I am creating an environment/performance in which to explore the nature of representation, particularly in language. Kubler’s Shape of Time heavily influenced my interest in the replication of sound in my last piece. I’m now expanding the direction of the work to consider replication of thing into an image, representation of a thing in physical space and in language, and the lingual blur between fact and fiction. I’m interested in the conversation that has developed (in our class) of language and its intrinsic inability to create precise definitions and exact comprehension, but it’s success even through ambiguity.

Images/representations are criticized for inability to produce interaction and experience, but what new iteration of experience is created in image culture?

experience of a thing vs. an image

experience of a representation of a thing


The space:

I’m creating a swamp as a small community space. In the center there is a small wooden pool of water, algae, plants. It’s an agreeable temperature. Participants can hang their feet in the water if they please. This iteration sits somewhere between an image and representation of a “swamp,” out of context, but with descriptive similarities. Perhaps images and representations are the same.

There’s a ladder to the window. I’ll open the blinds. This is the “true” sky. On the wall there is a large projection of a changing skyscape. How do these experiences change especially when observing something so physically inaccessible?

The performance:

Jorge Luis Borges wrote an essay called “The Analytical Language of John Wilkins,” in which he criticizes John Wilkins concept of a “universal language,” where Wilkins proposes a system of more or less objective language holding exact meaning in the word itself.

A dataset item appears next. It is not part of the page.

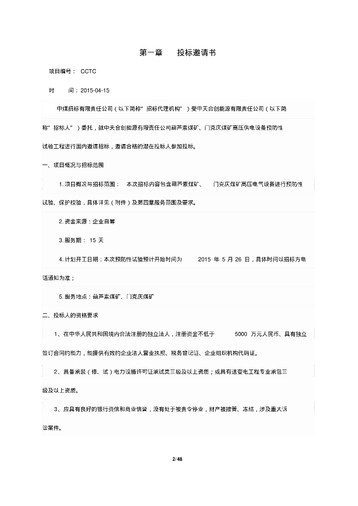 电气预防试验招标文件(中天合创能源有限责任公司).pdf

“Wilkins’s system decomposes the entire universe of “things and notions” into successively smaller divisions and subdivisions, assigning at each step of this decomposition a syllable, consonant, or vowel. Wilkins intended for these conceptual building blocks to be recombined to represent anything on earth or in heaven. The basic example Borges gives is “de, which means an element; deb, the first of the elements, fire; deba, a part of the element of fire, a flame.”

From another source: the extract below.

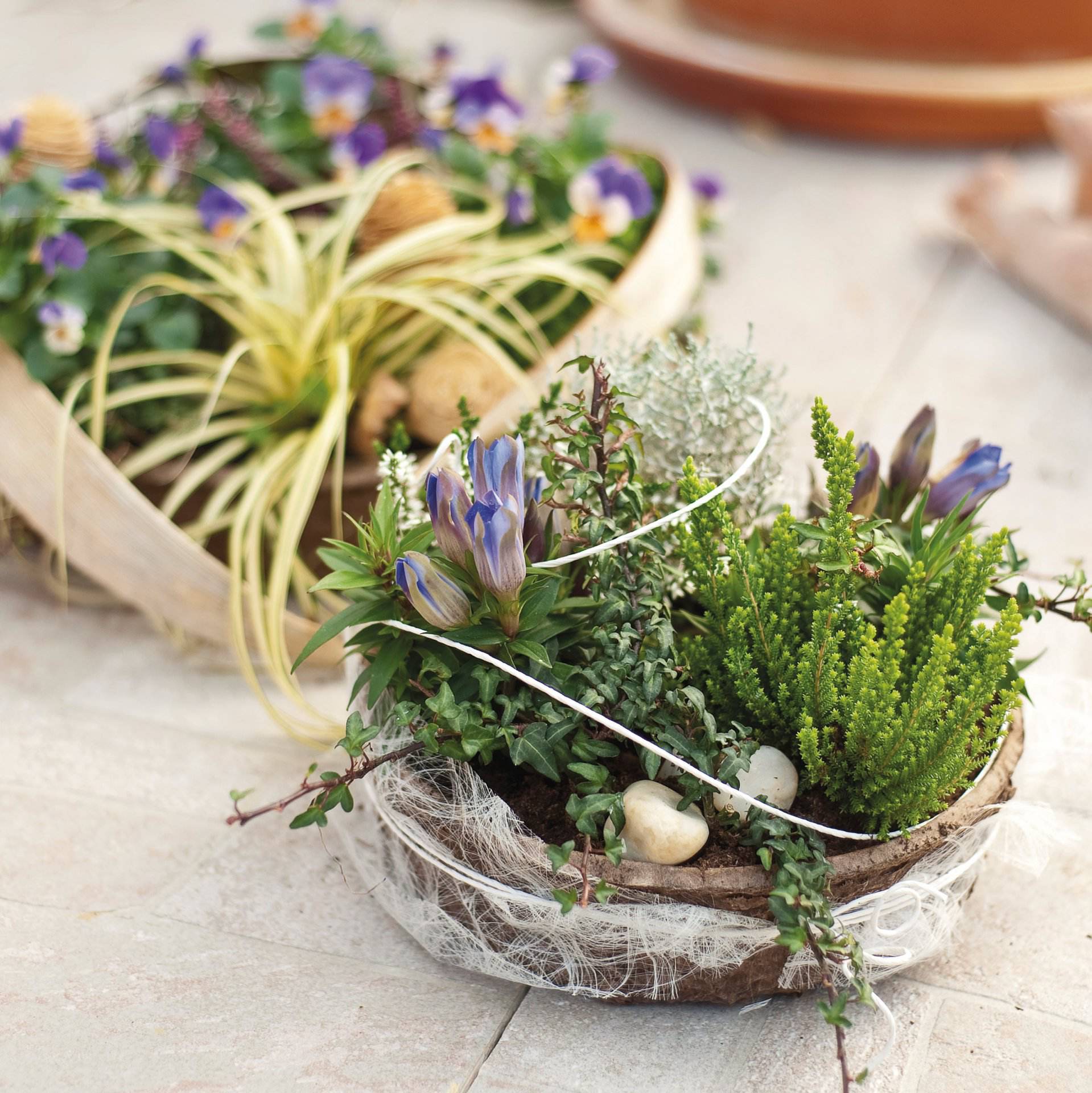 Pflanzring aus weiß gekalkter Rinde. Innen foliert. 2er Set. Größen: Ø 39 x 9 cm, Ø 45 x 10 cm. Innendurchmesser der beiden Körbe: 14cm , 18,5cm.

Borges sees this as a fundamental impossibility.

“it is clear that there is no classification of the Universe not being arbitrary and full of conjectures.”

In this essay, Borges describes a translated Chinese list that seeks to describe all animals. It’s later revealed that this is entirely fictional and that he lied about finding this translation. He is suggesting that regardless of the attempted universality, language is, in a way, an arbitrary manner of socially organizing the world.

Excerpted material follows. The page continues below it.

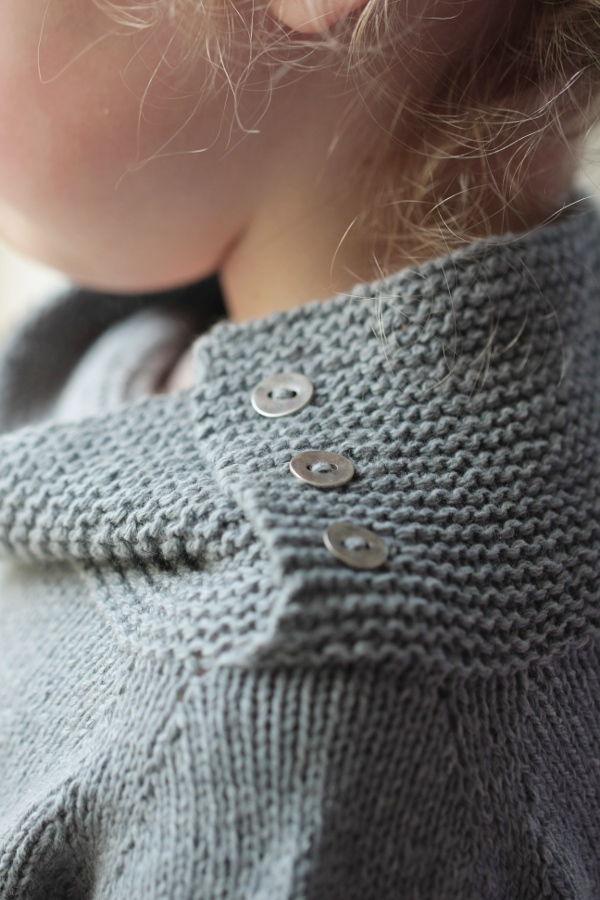 Me voici de retour avec une pièce de tricot terminée la semaine dernière, il manquait juste le temps de placer les brandebourgs sur le gilet. Celui-là remplacera celui-ci qui maintenant n’habillerait même plus la mini …

I am not positing this as correct or incorrect, just as a curious thought. I want to assign my classmates into these categories. During their time in the passive environment dealing with the same questions, I’ll give them their category, based on how I perceive them.

The list is ambiguous and nonsensical. Such is language, and somehow it’s easy to make some sense, and garner some feeling from many words, especially when applied to the self. The reason why I pair each individual with their category could be analyzed through my own thoughts, but is likely not based in rationality.

If they are unhappy with their classification, they can trade. They should trade. In addition to abstract extraction of meaning from this list, it’s exciting for me to see how I perceive the Other vs. how they perceive themselves. They might then consider how the Other considered them in their own reflection/perception of self.